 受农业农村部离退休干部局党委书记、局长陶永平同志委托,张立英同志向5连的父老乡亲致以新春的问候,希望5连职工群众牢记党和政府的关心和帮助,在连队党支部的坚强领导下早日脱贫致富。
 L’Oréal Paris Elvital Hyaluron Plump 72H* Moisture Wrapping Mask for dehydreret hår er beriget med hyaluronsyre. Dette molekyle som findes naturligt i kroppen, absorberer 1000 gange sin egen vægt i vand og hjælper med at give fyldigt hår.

---

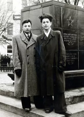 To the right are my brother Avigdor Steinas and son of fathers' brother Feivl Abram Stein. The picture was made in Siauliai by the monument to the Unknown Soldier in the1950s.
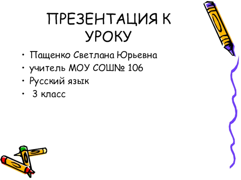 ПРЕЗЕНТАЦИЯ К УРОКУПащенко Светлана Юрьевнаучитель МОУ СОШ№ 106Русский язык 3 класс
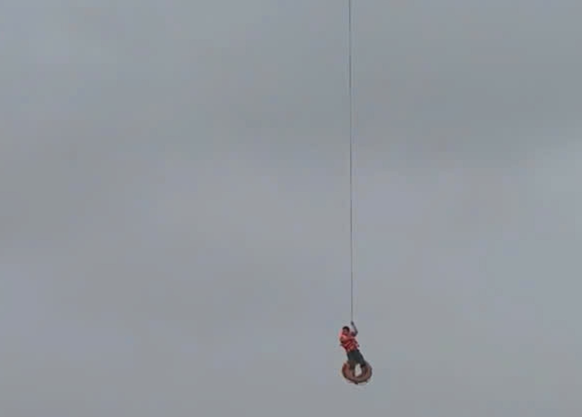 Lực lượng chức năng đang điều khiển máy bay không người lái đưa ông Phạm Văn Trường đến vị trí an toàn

◆ Task details ◆
Look above for the line with "受农业农村部离退休干部局党委" and the line with "L’Oréal Paris Elvital"; transcribe both and all lines in between, exactly, and nothing else.

◆ Exercise answer ◆
 受农业农村部离退休干部局党委书记、局长陶永平同志委托,张立英同志向5连的父老乡亲致以新春的问候,希望5连职工群众牢记党和政府的关心和帮助,在连队党支部的坚强领导下早日脱贫致富。
 L’Oréal Paris Elvital Hyaluron Plump 72H* Moisture Wrapping Mask for dehydreret hår er beriget med hyaluronsyre. Dette molekyle som findes naturligt i kroppen, absorberer 1000 gange sin egen vægt i vand og hjælper med at give fyldigt hår.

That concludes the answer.